Now Indian State propagates that Naxalites are irredeemably bent upon waging a war against the Indian State and short of suppressing them there is no other option. Of course Maoists want to seize power. That is a perfectly legitimate objective. In the last four decades several Naxalite parties gave up this path to pursue non-violent parliamentary or extra parliamentary struggle. Their experience hardly inspires confidence that the Indian state has become amenable to people’s concerns now that some of these left wing rebels gave up arms. Appeal and prospect of non-violence has been undermined, by the state itself. Lest we forget be it NREGA, the forest bill or the decision to enforce Panchayat Extension to Schedule Areas, which was passed in 1996 but not implemented and so many other such issues figure on the agenda thanks to the fear that were this not done the poorest among the poor will continue to turn to Maoists.

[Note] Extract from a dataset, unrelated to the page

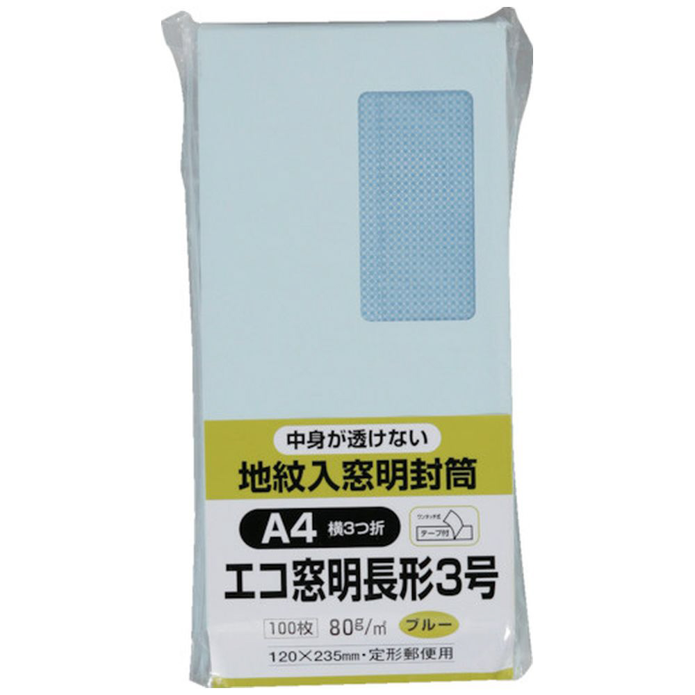 | 商品名 | キングコーポ エコ窓地紋ソフト100 長3 80g ブルー テープ付 N3MJS80BQ |
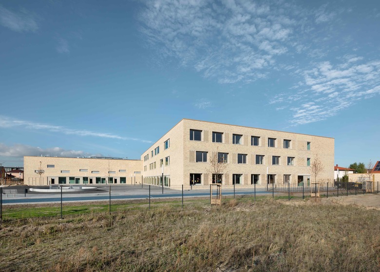 Schon 1998 wurde ein Architektenwettbewerb für den Neubau der Grundschule mit Sporthalle an diesem Ort entschieden. Die Planung für den Schulneubau geht auf den prämierten Wettbewerbsentwurf von Reimar Herbst / HerbstKunkler Architekten aus Berlin zurück. Erst nach über 10 Jahren wurde der Wettbewerbsentwurf wieder aus der Schublade geholt und durch die Wettbewerbsgewinner den aktuellen Erfordernissen einer 3-zügigen Grundschule im offenen Ganztagsbetrieb angepaßt. Das städtebauliche, baukörperliche und funktionale Konzept aus dem Wettbewerb konnte weitgehend übernommen werden:

The point is that so long as State monopolises means of violence they will remain enabled to subject people to a life of indignity and enslavement. Freedoms and liberties would remain prerogative of the middle classes to enjoy. Working people are vulnerable; no sooner they appear to have succeeded in mobilizing people and begin to question the inequalities and inadequacies of the system they become target of State’s oppressive ways. Therefore, it would be a recipe for disaster to surrender the right to offer armed resistance until such time that the State outlaws war against the people. Indeed unless people get armed one cannot neutralize the great advantage the ruling classes enjoy over means of violence, which is primarily employed against the masses.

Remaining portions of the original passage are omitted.